The National Park Service was supposed to be the D-Day Memorial's lifeline.

In 2009 the monument was strapped for cash and leaders believed a government takeover was the best option to keep the site open.

Today money is still tight, but a hand-up from Washington doesn't sound like a good idea anymore.

"After a while we realized that it wasn't the best fit for us, and we looked at other avenues," said memorial president,  April Cheek-Messier.

In deciding not to take over the memorial, the National Park Service noted that the landmark has efficient leadership, and offers a wide variety of events and educational programs.  Due to limited funding, NPS officials felt the government might not be able to replicate what was already offered at the Bedford landmark.

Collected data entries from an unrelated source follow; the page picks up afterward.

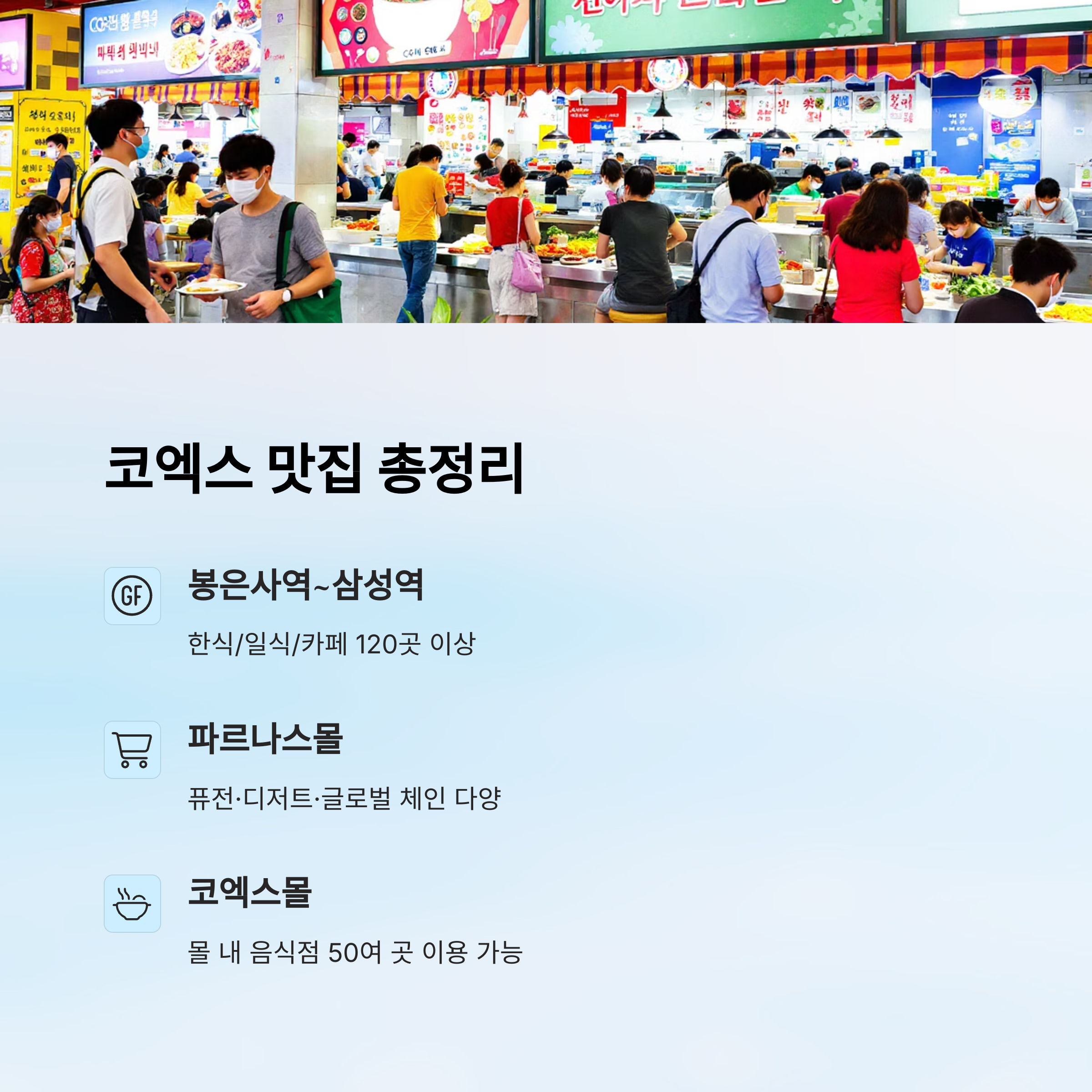 코엑스 주변 맛집은 정말 많지만, 페스티벌 날은 ‘빠르게, 든든하게’가 핵심이에요. 오픈런 후 체력 회복용 점심부터 굿즈 정리하며 들를 수 있는 카페까지! 덕후 취향 제대로 반영했어요. 🍜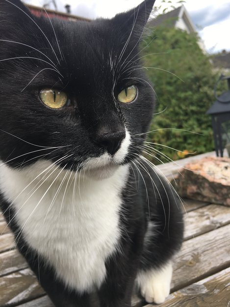 Han kom ikke hjem på lørdagskvelden. Han kan komme og gå når han vil gjennom chipstyrt katteluke. Men vil alltid komme hjem og spise. Har ikke kommet inn når det regner heller. Kosepus.
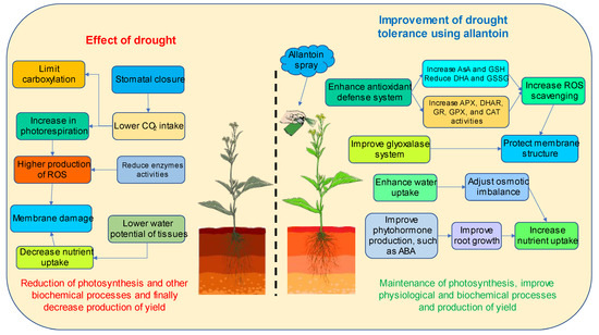 Drought leads to an alteration in the plant–water relationship, causing dehydration due to an increase in water losses from the tissues in plants. This water loss ultimately promotes osmotic stress, suppresses mitotic cell division, inhibits cell enlargement, and reduces photosynthesis in plants [84,85]. Besides this, drought adversely affects stomatal conductance, carbon dioxide diffusion, electron transport, water use efficiency, respiration, transpiration, and membrane function in plants [86]. All of these are involved in the impairment of plant growth and biomass production (both FW and DW). Our findings reveal a notable reduction in plant height, SPAD, FW, and DW upon exposure to drought, which is aligned with the previous reports of Ahmed et al. [57], Wasaya et al. [87], and Mohi-Ud-Din et al. [88]. Under water deficit conditions, nitrogen fixation is restricted due to lower photosynthate supply or reduction in oxygen flux, or lack of deposition of nitrogenous compounds in plants. Hence, the inhibition of nitrogen fixation promotes ureide (allantoin and its hydrolyzed product allantoate) metabolism in various tissues through an allantoate-degrading enzyme, allantoate amidohydrolase (AAH) [74]. AAH converts allantoin to allantoate, and through the hydrolysis of the internal amide bond, allantoate is converted to urea and ureidoglycolate. The further conversion of ureidoglycolate yields glyoxylate and urea. The activity of urease enzymes hydrolyzes urea to produce ammonia and carbon dioxide and supports the growth and development of plants [69,75]. In the present study, exogenous allantoin improved the growth and biomass accumulation of rapeseed plants under drought. Dresler et al. [24] demonstrated that exogenous allantoin improved shoot biomass and photosynthetic (chlorophyll a) accumulation in plants. Allantoin releases more ammonium ions to plants upon complete breakdown [18], and nitrogen (as a micronutrient) is a vital component for proteins, lipids, nucleic acids, certain hormones (i.e., indole-3-acetic acid, cytokinin), and chlorophylls [89]. Moreover, several studies also supported that nitrogen or nitrogenous compounds could mitigate the detrimental effect of stress in different crops [90,91]. In a nutshell, the application of allantoin improved AsA and GSH contents with a concomitant reduction in DHA and GSSG in plants and rejuvenated the ratios of AsA/DHA and GSH/GSSG under drought conditions. Besides this, the activities of antioxidant enzymes such as APX, DHAR, GR, GPX, and CAT, as well as glyoxalase enzymes (Gly I and Gly II), were also increased from allantoin application. Thus, a consequent reduction in H2O2 production and lipid peroxidation was also observed in rapeseed plants. Moreover, allantoin also increased the RWC and reduced proline content in plants under drought, thus ultimately improving the plant growth and yield attributes of rapeseed (Figure 10).

The memorial organization will remain private.  That will give leaders more flexibility to plan and hold large events, which they hope will increase the landmark's visibility and it's base of donors.

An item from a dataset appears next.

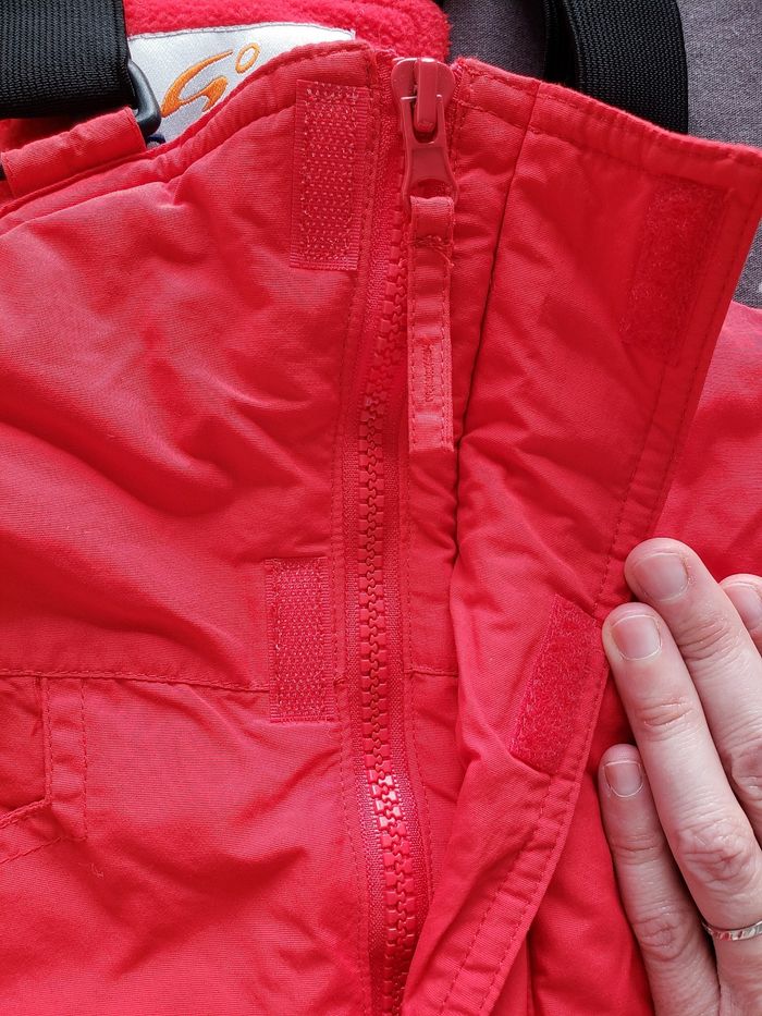 Salopette de montagne rouge pour bébé de 3 ans. Très bon état. Mixte. Zippée sur le devant. Bretelles réglables. Marque : Go Sport.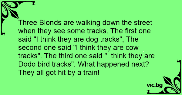 Three Blonds are walking down the street when they see some tracks. The first one said "I think they are dog tracks", The second one said "I think they are соw tracks". The third one said "I think they are Dodo bird tracks". What happened next? They all got hit by a train!

"We really want to become much more national than we are now," said Cheek-Messier.

A connection with the park service would have given the memorial more visibility, but tourism officials like Sergei Troubetzkoy believe the attraction will be fine on its own.

"I don't think it's going to have a huge effect on the memorial," said Troubetzkoy, Bedford's director of tourism.  "Maybe in the long term it will (have an impact), but I don't expect us to see much of a change."

Memorial leaders now plan to put a greater focus on marketing and fundraising.  They hope large donors will step in to not only keep the monument open, but help develop new projects like an education center, which has been discussed for more than a decade.

"We need support and we want to let our veterans who come for the 70th anniversary this summer know that this monument will be here for generations to come," Cheek-Messier said.

The memorial currently receives no federal or state funding and relies solely on donations to remain open.